Beliau Rasulullah SAW bukannya menjawab dengan menyebut ritual –ritualnya,seperti Thawaf, Sa’i, Wuquf di Arofah , Tahalull,dan lain sebagainya. Nabi SAW malah menjawab ada tiga hal kebaikan haji yang lebih banyak berkaitan dengan hubungan baik sesama jama’ah atau bisa juga kita artikan tiga hal ini sebagai haji mabrur.
Pertama, Tiybul kalam (ucapan yang baik). Kedua, it’amut tho’am (memberi makan, loman) dan ketiga : Ifsyaus Salam (menebarkan salam. Dari ketiga hal ini , kita dapat memahami ternyata seorang yang mabrur hajinya tidak hanya memilki kekhuyu’an yang total kepada Allah SWT. Tapi dia juga mampu mengontrol lisannya untuk berkata kecuali hal-hal yang baik , memiliki kepekaan sosial yang tinggi terhadap sesama ,  sekaligus senantiasa menebarkan salam yang juga berarti kedamaian yang pasif juga kedamaian aktif.

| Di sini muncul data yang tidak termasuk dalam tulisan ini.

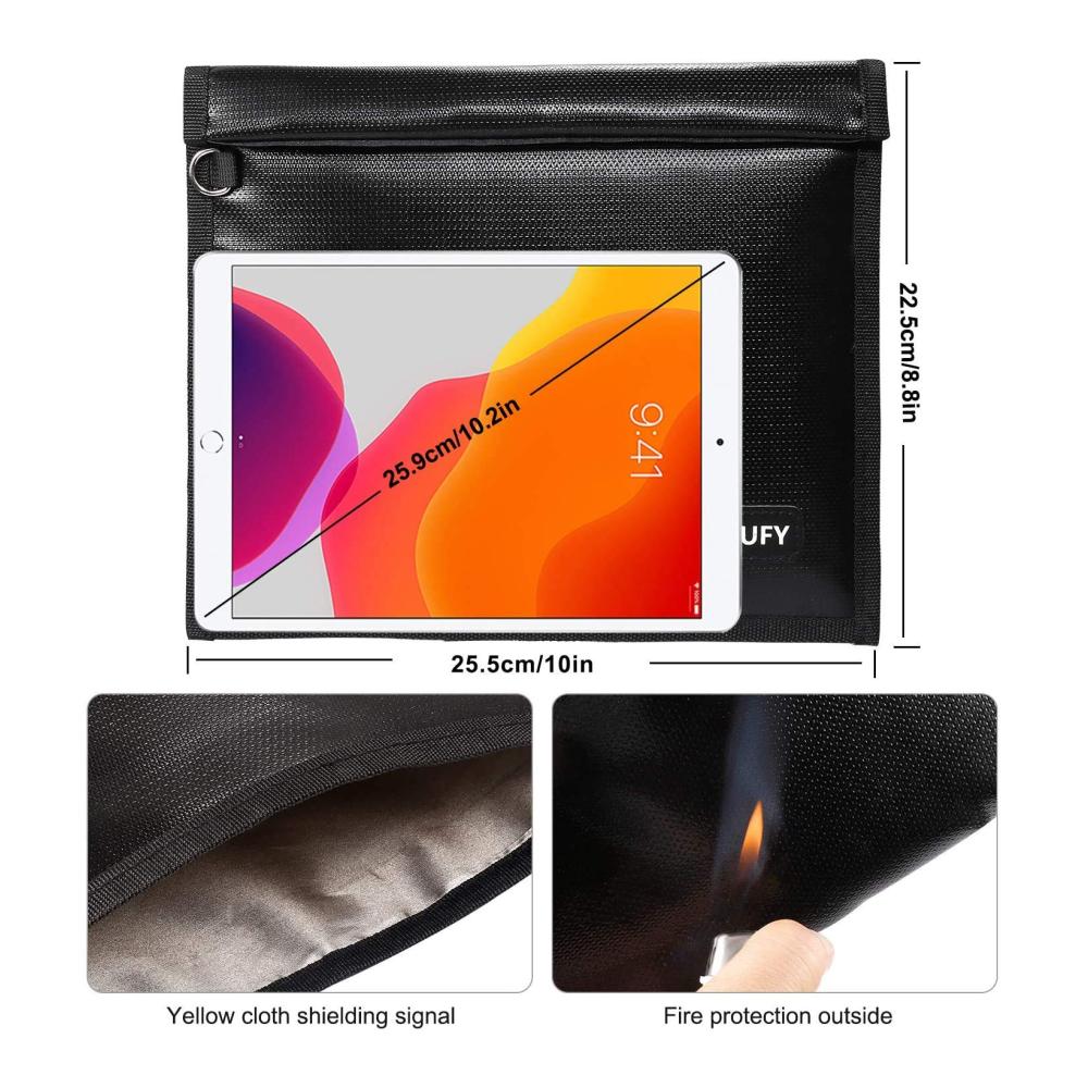 Schützen Sie Ihre Fernbedienungen mit der Großen Feuersicheren Wasserdichten Keyless Go Schutzhülle! Diese Tasche bietet eine Signalabschirmungsfunktion und hält Temperaturen bis zu 1000°C stand. Mit ihrem Design mit großer Kapazität bietet sie Platz für Tablet-Computer, Mobiltelefone, Ausweise, Reisepässe, Bankkarten und mehr. Blockieren Sie alle Signale und Strahlung, um Hackerangriffe, Tracking, Signalverstärkungsangriffe und Datendiebstahl zu verhindern. Sichern Sie Ihr Auto, indem Sie die Kommunikation zwischen Fahrzeug und Autoschlüssel unterbinden. Vertrauenswürdiger Kundendienst mit 24-Stunden-E-Mail-Kontaktservice und einer 30-tägigen Rückerstattung sowie lebenslanger Garantie. 100% Zufriedenheitsgarantie

Imam al-Hasan r.a pernah ditanya apakah sebenarnya haji Mabrur? Jawabnya yaitu jika engkau telah pulang , kamu menjadi orang  yang  yang zahid (Tidak terbelenggu dalam cinta dunia) dan bersemangat untuk mencapai kebahagiaan abadi di akhirat. (Zuhud) tidak berarti anti materi , tapi kesanggupan rohani untuk mengalahkan ambisi pribadi, keserakahan kepemilikan benda, serta kebanggaan eksistensial. Hal tersebut di atas. Hal tersebut di atas memberikan gambaran yang konkret kepada kita, betapa pentingnya memahami filosofi “ruh ibadah haji” agar kita mampu mengaktualisasikan dalam kehidupan sehari-hari.
Semoga saja kaum muslimin yang saat ini sedang menjadi duta Allah SWT akan  pulang kembali ke tanah
airnya dengan membawa , ”wa hajjun mabrur, wa sa’yun masykur wa dzanbun magfur wa tijarotun lan tabur. Selamat jalan wahai para tamu Allah dengan semangat talbiyah yang senantiasa mengiringi mu “Labaik Allohuma Labbaik.”  Hamba datang memenuhi panggilan Mu ya Alloh Jalajalluhhu warohmatuhu, hamba datang memenuhi panggilan-Mu.